Shuri Castle, the 500-Year-Old Historical Symbol of Okinawa, is Destroyed by Fire

Shuri Castle, the 500-Year-Old Historical Symbol of Okinawa, is Destroyed by FireShuri Castle, the 500-Year-Old Historical Symbol of Okinawa, is Destroyed by Fire
Bryan Ke
October 31, 2019
A fire has engulfed Shuri Castle in Naha, Okinawa Prefecture, Japan, destroying large parts of the World Heritage’s complex on Thursday morning.
The fire started at around 3 a.m. in the main building of the complex and quickly spread to nearby buildings of the castle.
About 30 residents living near the castle were temporarily evacuated as firefighters tried to extinguish the flames, according to Japan Times.
Daisuke Furugen, an official with the local Naha fire department, told AFP that no one was injured in the incident.
“All the (three) main buildings have burnt down, with nothing left behind,” he said. “Efforts to extinguish the fire are continuing, with 30 fire engines and some 100 firefighters involved.”
It’s unclear what caused the fire, but officials stated there was a festival at the site since Oct. 27 and preparatory work has been ongoing up until hours before the fire started.

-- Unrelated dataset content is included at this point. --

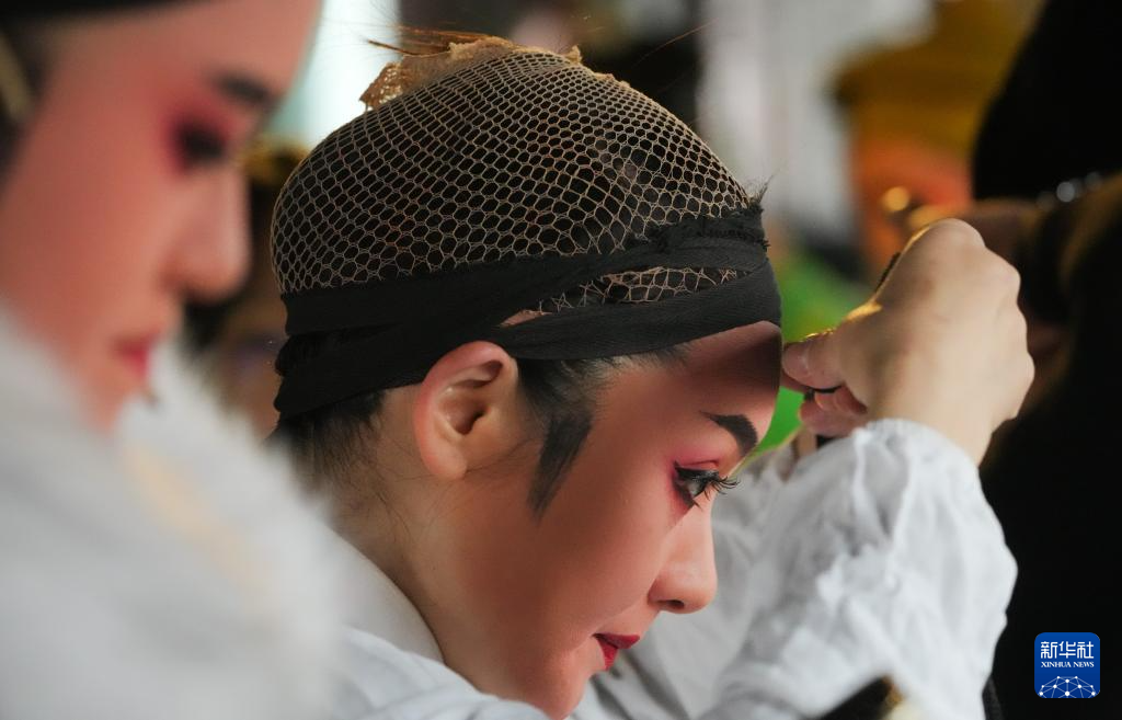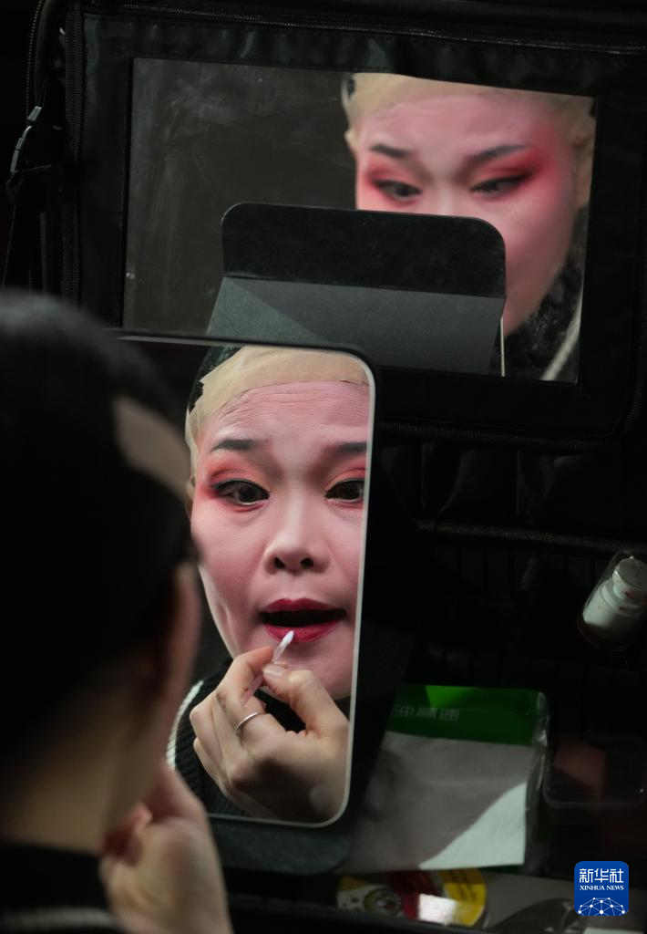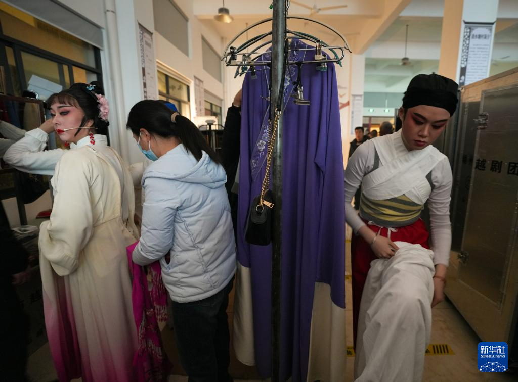 在浙江紹興嵊州市三界鎮清水塘村文化禮堂,下鄉演出的嵊州市越劇團演員在臨時隔出的區域補妝、更衣(1月21日攝)。

Shuri Castle, Ryukyu Kingdom History

It is still unclear when Shuri Castle was built, but the heritage site has already been in used since the Sanzan period (1322–1429). It was the palace of the Ryukyu Kingdom starting from 1429-1879, according to the New York Times.

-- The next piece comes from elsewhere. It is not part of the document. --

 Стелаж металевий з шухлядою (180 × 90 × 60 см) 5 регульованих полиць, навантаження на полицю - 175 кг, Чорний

Destruction and Reconstruction

The Japanese Imperial Army used the castle as headquarters by early 1945. But during the Battle of Okinawa in the final days of World War II, American battleship USS Mississippi (BB-41) bombarded the castle for three days that resulted in its destruction on May 27, 1945.

Shuri Castle Added in UNESCO’s World Heritage List

Image via Wikimedia Commons / 663highland (CC BY-SA 3.0)
The Shuri Castle, which was listed in UNESCO’s World Heritage List in 2000, is a symbol of Okinawa.
“Five hundred years of Ryukyuan history (12th-17th century) are represented by this group of sites and monuments,” UNESCO said in its website. “The ruins of the castles, on imposing elevated sites, are evidence for the social structure over much of that period, while the sacred sites provide mute testimony to the rare survival of an ancient form of religion into the modern age. The wide- ranging economic and cultural contacts of the Ryukyu Islands over that period gave rise to a unique culture.”
Featured Image via Wikimedia Commons / Hiroki Ogawa (CC BY 3.0) (Left), YouTube / Kyodo News (Right)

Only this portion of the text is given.